TOP FIVE WAYS OF RECOGNIZING THE MMS:
5. The word-swallowing
growl
Mostly
likely to occur: At any time of the day, although it is most frequent in
the mornings.
Caused by: Unpacked bags before school, unmade lunchboxes, untied
shoelaces, unwashed faces and an unfilled cup of coffee.
How to counter/avoid it: A hug, a kiss and a ‘See ya, Mum! Won’t
happen next time!’ before you get the hell outta there!
4. The heavy
footsteps
Most likely to occur: At anytime of the day, mostly during
moments of after-school euphoria and sibling fights.
Caused by: At the sound of breaking glass.
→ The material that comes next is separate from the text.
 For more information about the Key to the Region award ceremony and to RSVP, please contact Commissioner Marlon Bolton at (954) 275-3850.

Actually, at the sound of anything
breaking.
How to counter/avoid it: If you have about 10 minutes, clear the
mess and pray that your mum doesn’t notice anything (although this is highly
unlikely). If you have about 5 minutes, jump behind the curtains and hide your
feet. If you have a minute, try finding different ways to say hello to your
Maker.
3. The shrill ‘WHAT’S
GOING ON UP THERE?’
Most likely to occur: In the evenings, late afternoons,
summer break and other holidays.
Caused by: Vocal cords itching to yell at something after sounds of continuous
screaming, scratching, punching and ‘Screw you! No, screw you!’
How to counter/avoid it: By meeting your mum’s angry questions
with sweet smiles and saccharine compliments to your siblings, accompanied by
bear hugs for each other (N.B. Underhand pinching is permitted). It
helps if you’re cute, too.
2. The
ceiling-shaking ‘ARRRGH!’
Most likely to occur: At mealtimes.
Caused by: Spilled food, stained clothes, food
fights and a negative reaction to vegetables.
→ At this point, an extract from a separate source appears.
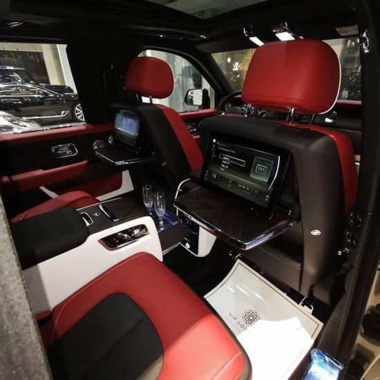 库里南的内饰延续了全新幻影 (配置|询价)的设计风格,整体用料依旧一如既往的奢华高贵,中控采用大面积实木打造,配合方向盘上的实木点缀,既复古又豪华。中控屏幕尺寸为10.2英寸的屏幕,轻触车门把手上按键就可以电动关闭,四座版的后排控制台与前部是断开的,在狭窄环境停车后排乘客可以选择任意一侧下车。

How to counter/avoid it: Cease all destruction; just put your
head down and eat, people. Earmuffs are recommended to prevent deafness during
the inevitable meltdown.
And last, the worst
of them all…
1. The LOOK
Most
likely to occur: At the end of the year.
Caused
by: An exceptionally scarlet report card, accompanied by three of the worst
words in the English language – CAN DO BETTER.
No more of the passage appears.